*To do:*
From the data that follows, print exactly the lines starting at the one containing "Unser Weihnachtsauftritt war" and ending at the one containing "Hlavním vchodem se"; include both of them and nothing more.

Start of Data

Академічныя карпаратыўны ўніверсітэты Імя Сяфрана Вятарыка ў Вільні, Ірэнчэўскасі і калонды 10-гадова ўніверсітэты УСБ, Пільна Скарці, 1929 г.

End of Data
Start of Data

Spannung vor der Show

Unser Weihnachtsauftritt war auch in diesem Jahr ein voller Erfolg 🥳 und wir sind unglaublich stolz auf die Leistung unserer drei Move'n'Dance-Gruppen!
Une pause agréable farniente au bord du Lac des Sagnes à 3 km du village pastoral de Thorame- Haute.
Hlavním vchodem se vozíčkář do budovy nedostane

End of Data
Start of Data

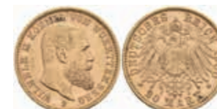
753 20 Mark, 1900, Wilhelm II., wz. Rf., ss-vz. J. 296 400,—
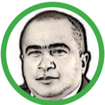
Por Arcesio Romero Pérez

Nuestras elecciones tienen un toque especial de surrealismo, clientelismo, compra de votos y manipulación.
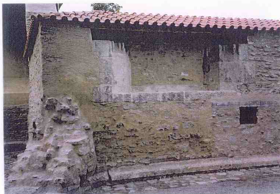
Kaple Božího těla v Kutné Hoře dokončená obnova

End of Data

*Task answer:*
Unser Weihnachtsauftritt war auch in diesem Jahr ein voller Erfolg 🥳 und wir sind unglaublich stolz auf die Leistung unserer drei Move'n'Dance-Gruppen!
Une pause agréable farniente au bord du Lac des Sagnes à 3 km du village pastoral de Thorame- Haute.
Hlavním vchodem se vozíčkář do budovy nedostane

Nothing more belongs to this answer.